Linterna Magica can be downloaded from here:
http://linterna-magica.nongnu.org/
ViewTube can be obatined from here:
https://userscripts.org/scripts/show/87011
Another nice script is LinkTube which provides direct links to embedded YouTube videos:
https://userscripts.org/scripts/show/119244
You can easily switch on and off scipts in Midori via Tools->Userscripts
Regarding Gnash or Lightspark: which of these did Midori find (you can see this by opening URL without quotes "about:version")?
It found Gnash. The exact output of about:version follows.
alias a=b; echo Copy carefully #bout:version
Version numbers in brackets show the version used at runtime.
Command line x-www-browser
Midori midori-0.5.2 ((null))
GTK+ 2.24.10 (2.24.10) Glib 2.32.3 (2.32.3)
WebKitGTK+ 1.8.3 (1.8.3) libSoup 2.38.1
cairo 1.10.2 (1.10.2) libnotify 0.7.5
gcr No granite No
single instance libunique 1.1.6
Platform X11; Linux i686
Identification Mozilla/5.0 (X11; Linux) AppleWebKit/535.22 (KHTML, like Gecko) Chrome/18.0.1025.133 Safari/535.22 Midori/0.5
Video Formats H264 [x] Ogg Theora [x] WebM [x]
Netscape Plugins:
Shockwave Flash Shockwave Flash 10.1 r999.
Gnash 0.8.10, the GNU SWF Player. Copyright (C) 2006, 2007, 2008, 2009, 2010, 2011 Free Software Foundation, Inc.

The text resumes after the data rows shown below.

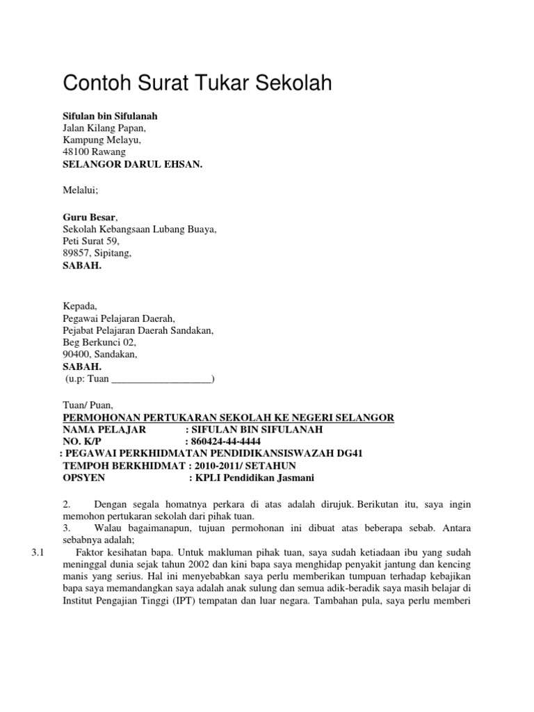 Borang srtats diisi ibu bapapenjaga. 4 contoh surat kelulusan tukar sekolah swasta. Contoh surat tukar sekolah it also will feature a picture of a kind that may be observed in.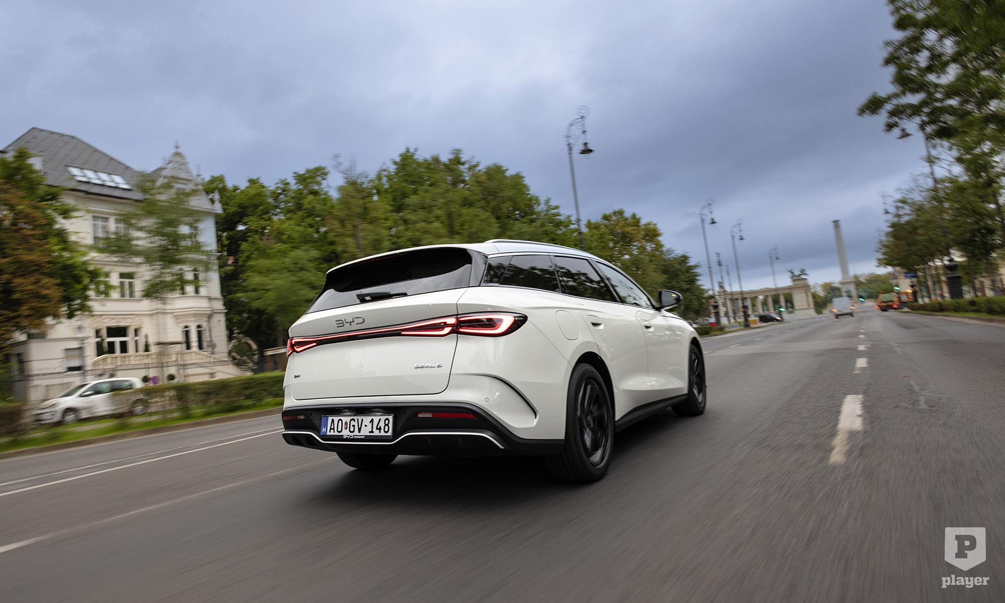 Míg a Seal formája kívánatos, a Seal 6 kombi inkább kellemes. Egyáltalán nem néz ki rosszul, de a hasonlóan konfliktuskerülő dizájnt választó márkák közül gyakorlatilag bármelyik emblémáját rá lehetne biggyeszteni. A letisztultnál nem jut jobb jelző az eszembe, és ha megnézem a sokkal karakteresebb BYD Dolphin Seal karosszériáját, nem is bánom, hogy nem jutott neki több egyéniség. Magasan fut az övvonala és kicsit farnehéz a dizájn, mert ez nem sportkombi, hanem egy rendes, alaphelyzetben is 500 literes a csomagtartója.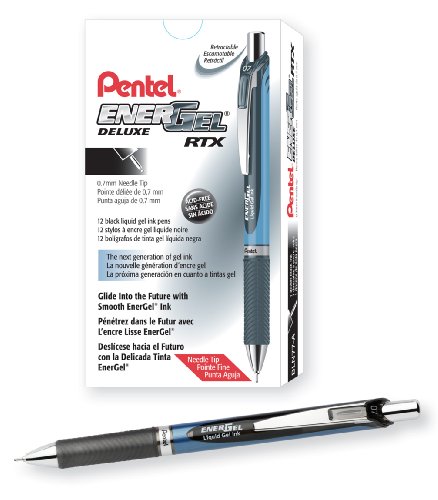 Pentel EnerGel Deluxe RTX Retractable Liquid Gel Pen, Medium Line, Needle Tip, Black Ink, Box of 12 (BLN77-A)

Gnash comes with NO WARRANTY, to the extent permitted by law. You may redistribute copies of Gnash under the terms of the GNU General Public License. For more information about Gnash, see http://www.gnu.org/software/gnash.

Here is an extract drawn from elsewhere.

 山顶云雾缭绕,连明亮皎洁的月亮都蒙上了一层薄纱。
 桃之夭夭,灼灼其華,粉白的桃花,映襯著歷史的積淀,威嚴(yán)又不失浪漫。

Compatible Shockwave Flash 10.1 r999.
Viewtube and linterna-magica are greasemonkey scripts and are not
packaged in the repos. Greasemonkey is a browser extension; you'll find
it in the addons manager for abrowser; not sure how to add those things
in midori. Once greasemonkey is enabled, go to
linternamagica.nongnu.org; you can install the lantern from there; I
chose the link labeled 'user script-uncompresed', or the like.

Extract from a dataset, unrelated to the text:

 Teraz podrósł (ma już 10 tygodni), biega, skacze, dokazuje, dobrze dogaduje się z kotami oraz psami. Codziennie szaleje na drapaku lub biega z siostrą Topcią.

I tried ViewTube in Midori recently (though this wasn't on Trisquel) and it seems to work perfectly. Same goes for Epiphany (Web) and Arora. For one of them you actually had to right click on the Install button where you download ViewTube and click a menu entry that said something like "Install Greasemonkey script"; I'm not sure if that was Midori or one of the others I tried.
If you copy and paste the YouTube link into VLC (Open Network Stream option), it will play the H264 or WebM video. I have run into issues with this method if its a streaming event in Flash or if the video is forced to Flash only by the author.
I finally discovered the solution to playing streaming media inline with Midori on Trisquel Mini.
None of the userscripts mentioned above were allowing me to play any video. Midori plays such things in Trisquel (not MINI) usually, so I figured there must be a missing plugin in the default Mini software. Finally, I found something in the Midori FAQ here under "HTML5 Video doesn't play": http://midori-browser.org/faqs/ . According to this, Midori does use Gstreamer. I looked in Synaptic on Trisquel Mini and found gstreamer...-pulse missing; after installing that, videos now play. For some formats I suspect more missing plugins need to be installed from the repo.
I hope this helps anyone else who finds Trisquel Mini unable to stream internet media!